Work instructions ▸ From the material below, please set down exactly the lines starting with the one with "在【1-2C016T】展位上" and going on through the one with "Doğrusal korelasyon olmadığı", without a single picture.

Data for review ▸
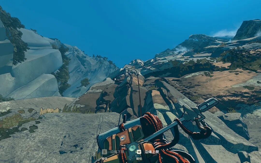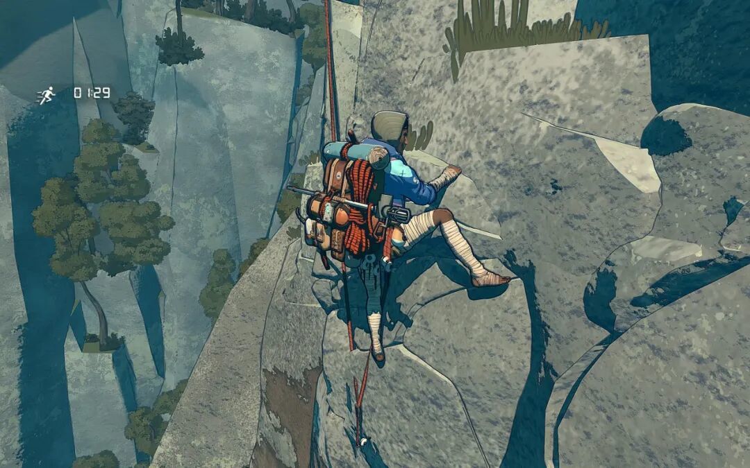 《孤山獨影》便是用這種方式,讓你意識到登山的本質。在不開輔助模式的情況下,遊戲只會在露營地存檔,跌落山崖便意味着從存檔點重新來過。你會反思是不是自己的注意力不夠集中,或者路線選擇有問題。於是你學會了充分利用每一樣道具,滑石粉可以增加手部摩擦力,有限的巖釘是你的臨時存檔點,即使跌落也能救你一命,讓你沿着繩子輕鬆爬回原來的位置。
...
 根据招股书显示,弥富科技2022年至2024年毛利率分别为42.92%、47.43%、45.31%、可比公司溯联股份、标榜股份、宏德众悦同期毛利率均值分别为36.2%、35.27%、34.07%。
--
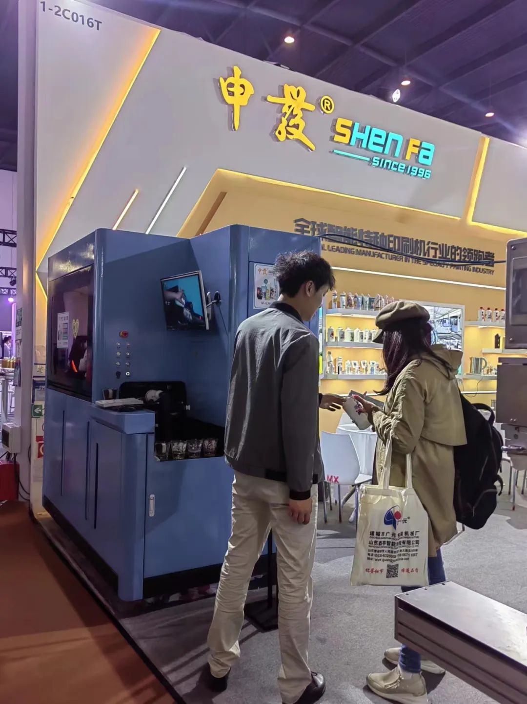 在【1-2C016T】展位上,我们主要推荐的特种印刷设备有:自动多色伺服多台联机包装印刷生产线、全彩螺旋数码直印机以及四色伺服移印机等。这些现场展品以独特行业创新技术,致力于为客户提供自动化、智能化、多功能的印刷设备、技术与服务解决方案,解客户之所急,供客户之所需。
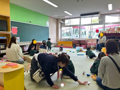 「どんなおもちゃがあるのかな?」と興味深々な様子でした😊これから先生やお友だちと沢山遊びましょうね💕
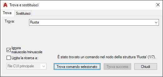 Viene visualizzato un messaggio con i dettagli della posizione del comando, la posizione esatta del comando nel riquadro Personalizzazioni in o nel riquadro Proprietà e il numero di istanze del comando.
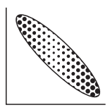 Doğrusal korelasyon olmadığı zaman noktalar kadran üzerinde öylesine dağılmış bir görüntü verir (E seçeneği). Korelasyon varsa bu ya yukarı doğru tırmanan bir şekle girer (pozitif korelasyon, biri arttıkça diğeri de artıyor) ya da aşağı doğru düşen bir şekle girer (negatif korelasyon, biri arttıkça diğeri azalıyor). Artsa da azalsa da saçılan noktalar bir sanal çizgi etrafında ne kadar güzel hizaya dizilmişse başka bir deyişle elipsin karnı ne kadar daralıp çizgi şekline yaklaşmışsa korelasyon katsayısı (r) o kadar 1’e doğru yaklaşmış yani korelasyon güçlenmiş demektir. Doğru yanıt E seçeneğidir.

Task answer ▸
 在【1-2C016T】展位上,我们主要推荐的特种印刷设备有:自动多色伺服多台联机包装印刷生产线、全彩螺旋数码直印机以及四色伺服移印机等。这些现场展品以独特行业创新技术,致力于为客户提供自动化、智能化、多功能的印刷设备、技术与服务解决方案,解客户之所急,供客户之所需。
 「どんなおもちゃがあるのかな?」と興味深々な様子でした😊これから先生やお友だちと沢山遊びましょうね💕
 Viene visualizzato un messaggio con i dettagli della posizione del comando, la posizione esatta del comando nel riquadro Personalizzazioni in o nel riquadro Proprietà e il numero di istanze del comando.
 Doğrusal korelasyon olmadığı zaman noktalar kadran üzerinde öylesine dağılmış bir görüntü verir (E seçeneği). Korelasyon varsa bu ya yukarı doğru tırmanan bir şekle girer (pozitif korelasyon, biri arttıkça diğeri de artıyor) ya da aşağı doğru düşen bir şekle girer (negatif korelasyon, biri arttıkça diğeri azalıyor). Artsa da azalsa da saçılan noktalar bir sanal çizgi etrafında ne kadar güzel hizaya dizilmişse başka bir deyişle elipsin karnı ne kadar daralıp çizgi şekline yaklaşmışsa korelasyon katsayısı (r) o kadar 1’e doğru yaklaşmış yani korelasyon güçlenmiş demektir. Doğru yanıt E seçeneğidir.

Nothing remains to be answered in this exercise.